Moreover, the study found that
“Conversely, forced reduction of glucose uptake by breast cancer cells
led to phenotypic reversion.” In other words, interfering with sugar
availability and uptake to the cell causes the cancer cell to REGRESS
towards its pre-cancer structure-function (phenotype).
What Are The Implications of This Research to the Diet?
What this new research indicates is that
sugar – of which Americans consume an astounding 160 lbs annually
(imagine: 31 five-pound bags for each of us!) – is one of the primary
causes of metabolic cell changes in the body consistent with the
initiation and promotion of cancer. And, the research indicates that
removing it from the diet, and depriving the cells of it, could REVERSE
cancer. Why is this so surprising? It’s because Americans have been lead
like lambs to the slaughter to think of “prevention” as “early
detection,” focusing not on identifying and removing the well known
nutritional and environmental causes of cancer, rather, to spend their
time, energy, and money on cause-marketing campaigns focused on “finding
a cure” — as if one didn’t already exist right in front of our noses,
or more aptly, on the end of our forks.
Hidden Sugar, Crouching Cancer
It has been estimated by the USDA that
the average American consumes 200 lbs of grain products annually. Why
is this relevant to the question of sugar in the diet? Because refined
carbohydrate products – e.g. crackers, bread, pasta, cereal – are
actually ‘hidden’ forms of sugar. In fact, puffed rice causes your blood
to become sweeter (and presumably feeds more cancer cells sugar) than
white sugar, as it is higher on the glycemic index. Adding the two
figures together – annual per capita consumption of sugar and
grain-based products – we get a jaw dropping 360 lbs of sugar (both
overt (table sugar/high fructose corn syrup) and covert (grain carbs)

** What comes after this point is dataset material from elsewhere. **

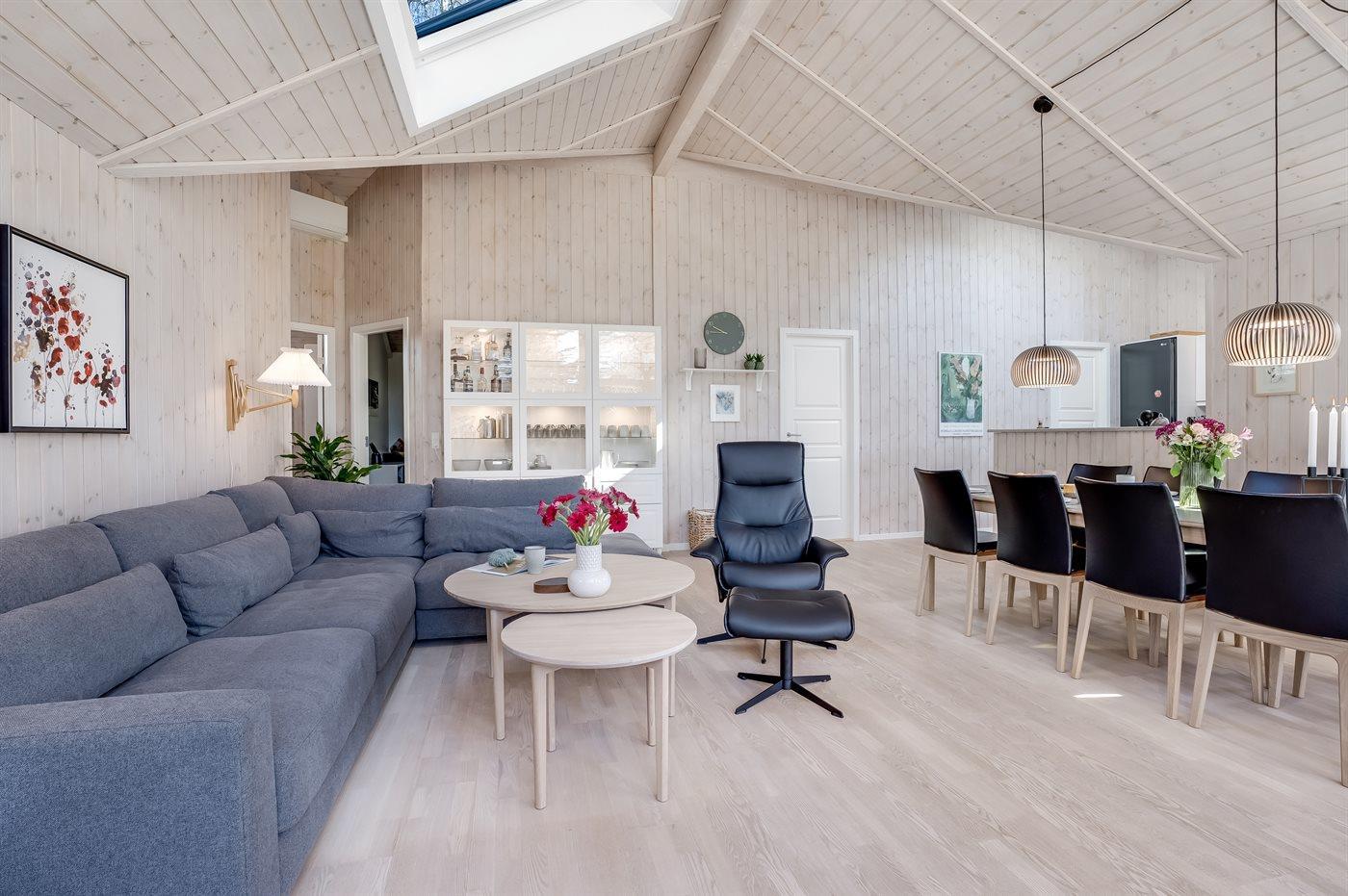 Das Haus ist gemütlich eingerichtet und verfügt über eine große Terrasse, die teils überdacht, teils offen ist, mit ausreichend Platz zum Entspannen in Lounge-Möbeln und auf Liegestühlen usw. Zudem gibt es einen Grill für die schönen Sommerabende. Unter der abgeschirmten Außendusche kann man sich nach einem Strandbesuch oder einem Ballspiel auf dem schönen Grundstück erfrischen.

annually – all of which may contribute to promoting the ideal metabolic
situation of cancer cells: aerobic glycolysis.
This is one reason why the ketogenic
diet – that is, a fat- and protein-focused diet devoid of carbohydrate,
both in simple (sugar) and complex (grain product) form – has been found
so useful in the most aggressive of cancers: including brain cancer.
Once you ‘pull the rug out’ from under the sugar/carb-craving cancer
cells, they are forced to either undergo programmed cell death
(apoptosis) or re-differentiate back into non-cancerous phenotypes.

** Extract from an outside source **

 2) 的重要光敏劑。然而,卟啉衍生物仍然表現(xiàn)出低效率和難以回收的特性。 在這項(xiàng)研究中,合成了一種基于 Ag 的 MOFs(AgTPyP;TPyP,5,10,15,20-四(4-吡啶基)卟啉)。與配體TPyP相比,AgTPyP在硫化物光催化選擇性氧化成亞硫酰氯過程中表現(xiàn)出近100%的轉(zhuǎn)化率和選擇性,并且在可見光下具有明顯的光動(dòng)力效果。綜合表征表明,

If It’s So Bad For Us, Why Do We Eat So Much?
One of the primary reasons why we eat
sugar and carbohydrate rich diets is because they are addictive. Within
minutes of consuming sugar/carbs our body goes through a neuroendocrine
roller coaster. Your brain can not survive very long without glucose,
the fundamental energy unit of the cell, and will ‘freak out’ if
deprived of a steady stream of this ‘nutrient’ within only 2-3 minutes.
The endocrine system, on the other hand, perceives the danger of high
sugar – namely, glycation associated damage to protein and lipid
structures within the cells of our body; think: blood caramelizing,
getting sticky, and gumming up the finely tuned works – and will release
hormones such as insulin, adrenaline and cortisol, in order to try to
get the elevated sugar in the blood and tissues under control. Insulin
forces the sugar into storage within the cell, both as glycogen and as
fat, but often does its job too well, causing available glucose levels
in the brain to be depleted – setting off a vicious cycle of ’emergency
signals’ telling the body to release more cortisol and adrenaline to
increase the levels of glucose in the blood. This, of course, will
result in additional insulin production and release, causing the same
cycle to be repeated over and over again.
This seemingly endless vicious cycle is
responsible for the insatiable cravings a high carb/sugar diet generates
– not to mention the fructose-based hedonic effects generated in the brain that
modulate both opioid and dopamine receptors in the nervous system (not
unlike alcohol), and the pharmacologically active peptides in many gluten-containing grains, which also drive addictive behaviors and an almost psychotic fixation on getting carbs at each meal.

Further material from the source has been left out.